Member of the Kansas State Senate from the 22nd District
- In office 1975–1978
- Preceded by: Richard Dean Rogers
- Succeeded by: Merrill Werts

Majority Leader of the Kansas House of Representatives
- Succeeded by: John F. Hayes

Member of the Kansas House of Representatives from the 66th District
- In office 1973–1975

Member of the Kansas House of Representatives from the 57th District
- In office 1969–1972

Personal details
- Born: April 29, 1929 Emporia, Kansas, U.S.
- Died: November 29, 2007 Manhattan, Kansas, U.S.
- Party: Republican
- Spouse(s): Frederica Voiland (m. 1956; div.); Elizabeth Everett
- Children: 6, incl. Bridget Everett
- Education: University of Kansas (B.A. and J.D.)

= Donn Everett =

American politician (1929–2007)

Donn James Everett (April 29, 1929 – November 29, 2007) was an American politician who served as a Republican in the Kansas State Senate and Kansas House of Representatives from 1969 to 1978.

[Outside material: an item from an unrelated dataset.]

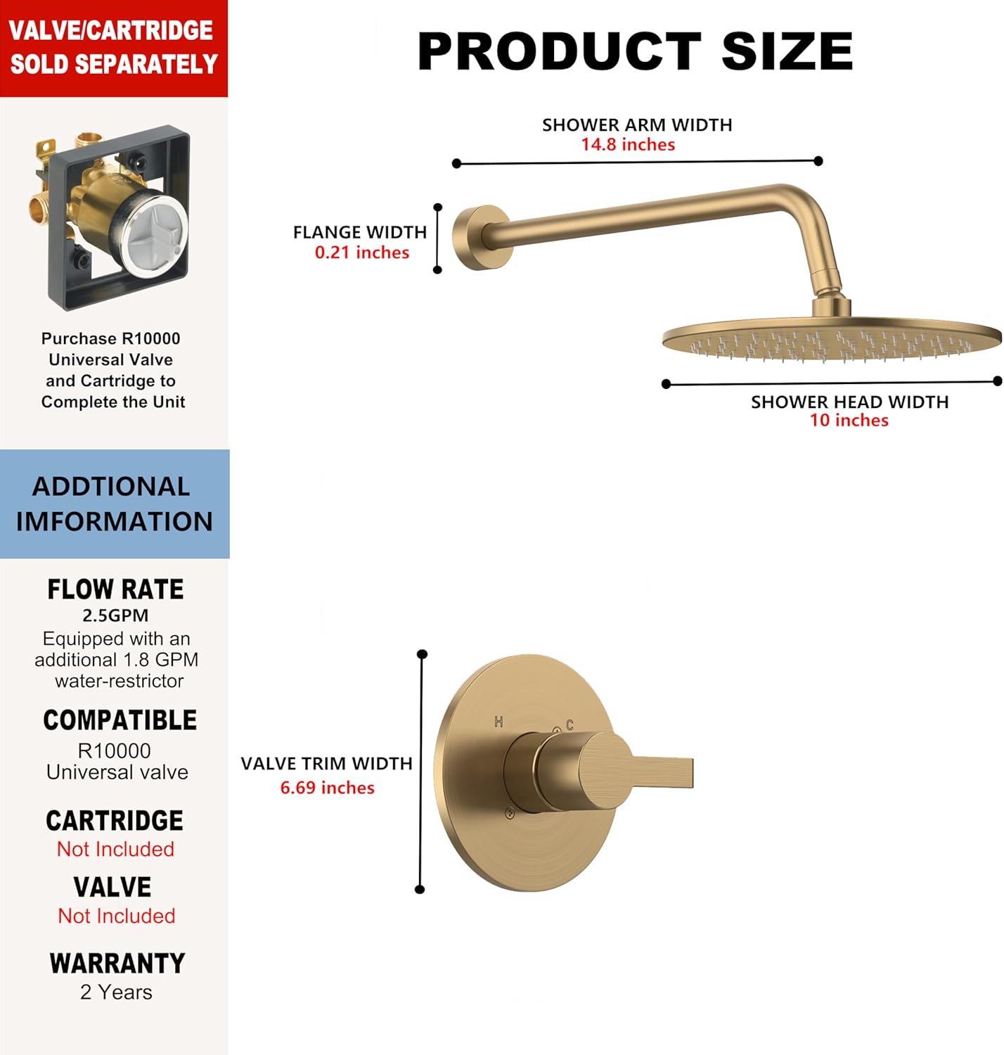 | Included Components | 10 inch shower head, shower arm with flange, shower trim with handle, sleeve |

Everett was born in Emporia, Kansas. He served in the U.S. Marine Corps during the Korean War; after returning to Kansas, he married Frederica Voiland in 1956 and worked as an attorney. The couple had six children before divorcing acrimoniously; the youngest child, Bridget Everett, became a noted comedian and cabaret performer.

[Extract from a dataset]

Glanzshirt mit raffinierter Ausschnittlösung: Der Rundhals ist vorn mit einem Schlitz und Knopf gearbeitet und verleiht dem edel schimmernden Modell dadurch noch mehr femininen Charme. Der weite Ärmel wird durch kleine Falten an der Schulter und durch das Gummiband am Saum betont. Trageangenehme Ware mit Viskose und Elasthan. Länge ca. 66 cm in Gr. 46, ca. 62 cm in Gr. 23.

Everett's first forays into elected office were winning races for county attorney of Riley County and serving as a member of the city council in Manhattan, Kansas (including a stint as mayor). In 1968, he was elected to the Kansas House, serving until 1975. While in the Kansas House, he rose to the post of Majority Leader.

During his fourth term, in 1975, he was appointed to the Kansas Senate to fill the seat left vacant by Richard Dean Rogers, who resigned to serve as a federal judge. He served in the Senate until his own resignation in 1978.